START Records

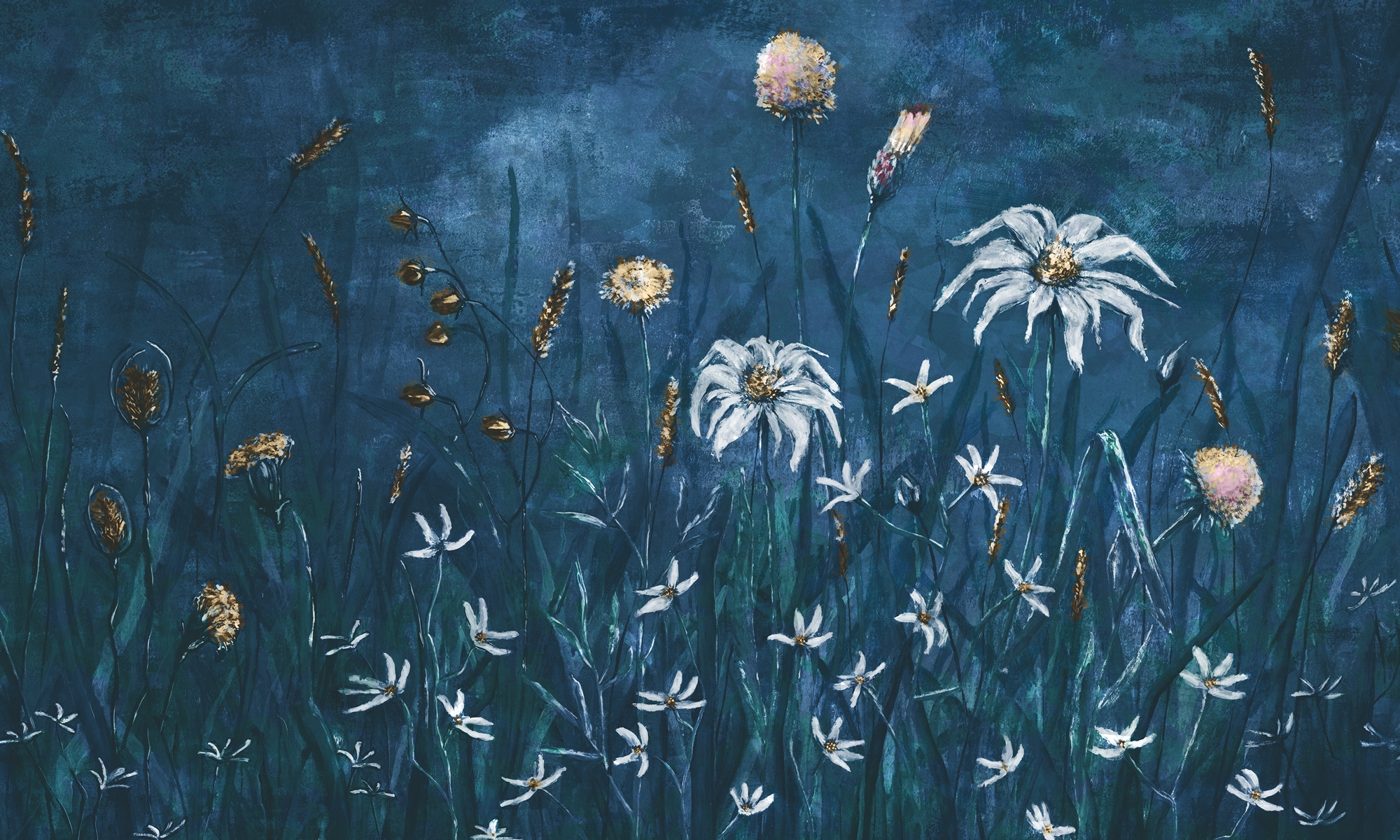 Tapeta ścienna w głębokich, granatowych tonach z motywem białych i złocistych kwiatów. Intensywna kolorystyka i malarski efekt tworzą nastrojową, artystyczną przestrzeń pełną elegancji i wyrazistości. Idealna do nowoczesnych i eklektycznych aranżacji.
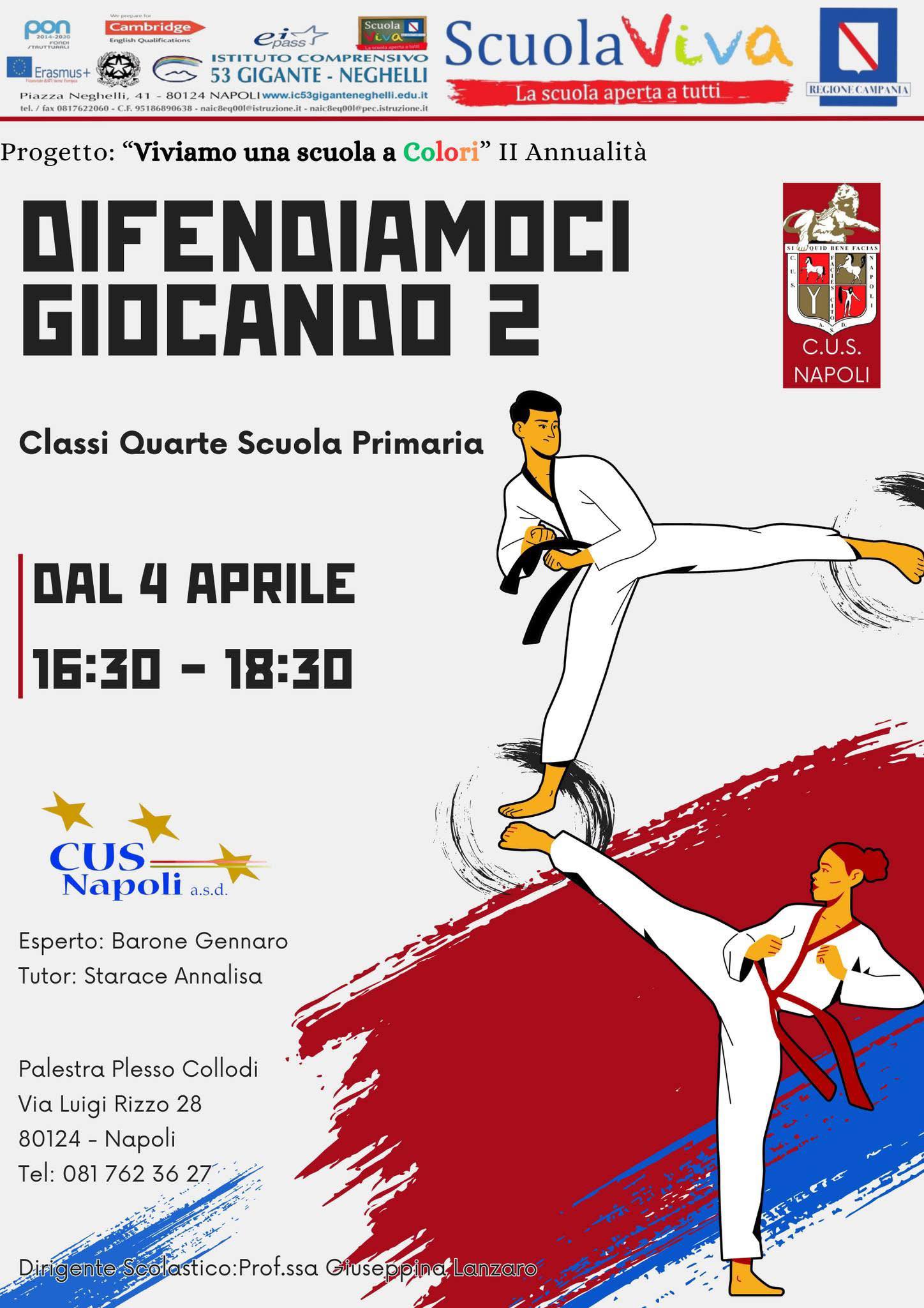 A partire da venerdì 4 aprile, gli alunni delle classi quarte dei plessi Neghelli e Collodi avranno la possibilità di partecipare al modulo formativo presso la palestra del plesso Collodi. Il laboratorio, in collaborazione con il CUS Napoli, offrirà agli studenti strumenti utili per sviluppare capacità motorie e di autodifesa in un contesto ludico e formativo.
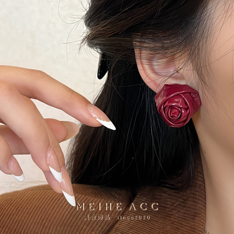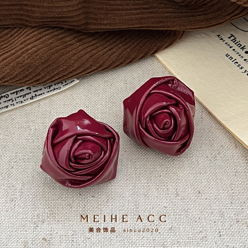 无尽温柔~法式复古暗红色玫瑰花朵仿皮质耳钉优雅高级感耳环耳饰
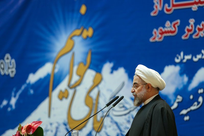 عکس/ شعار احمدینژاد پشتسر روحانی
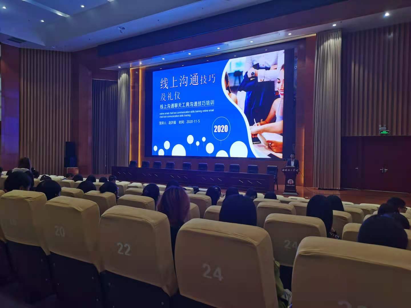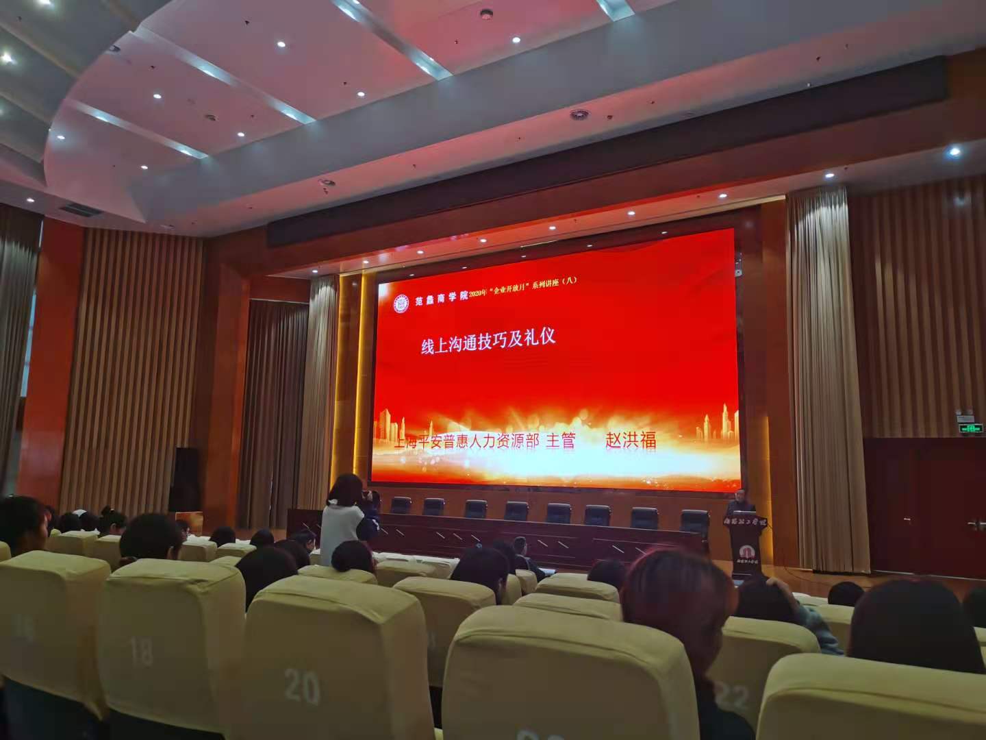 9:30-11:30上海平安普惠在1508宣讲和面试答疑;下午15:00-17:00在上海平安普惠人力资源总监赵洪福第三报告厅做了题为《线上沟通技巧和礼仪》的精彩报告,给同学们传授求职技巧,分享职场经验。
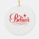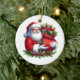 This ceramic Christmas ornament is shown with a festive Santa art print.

END Records

Please return every record above exactly, but leave out the pictures.

■ **Solved exercise**:
 Tapeta ścienna w głębokich, granatowych tonach z motywem białych i złocistych kwiatów. Intensywna kolorystyka i malarski efekt tworzą nastrojową, artystyczną przestrzeń pełną elegancji i wyrazistości. Idealna do nowoczesnych i eklektycznych aranżacji.
 A partire da venerdì 4 aprile, gli alunni delle classi quarte dei plessi Neghelli e Collodi avranno la possibilità di partecipare al modulo formativo presso la palestra del plesso Collodi. Il laboratorio, in collaborazione con il CUS Napoli, offrirà agli studenti strumenti utili per sviluppare capacità motorie e di autodifesa in un contesto ludico e formativo.
 无尽温柔~法式复古暗红色玫瑰花朵仿皮质耳钉优雅高级感耳环耳饰
 عکس/ شعار احمدینژاد پشتسر روحانی
 9:30-11:30上海平安普惠在1508宣讲和面试答疑;下午15:00-17:00在上海平安普惠人力资源总监赵洪福第三报告厅做了题为《线上沟通技巧和礼仪》的精彩报告,给同学们传授求职技巧,分享职场经验。
 This ceramic Christmas ornament is shown with a festive Santa art print.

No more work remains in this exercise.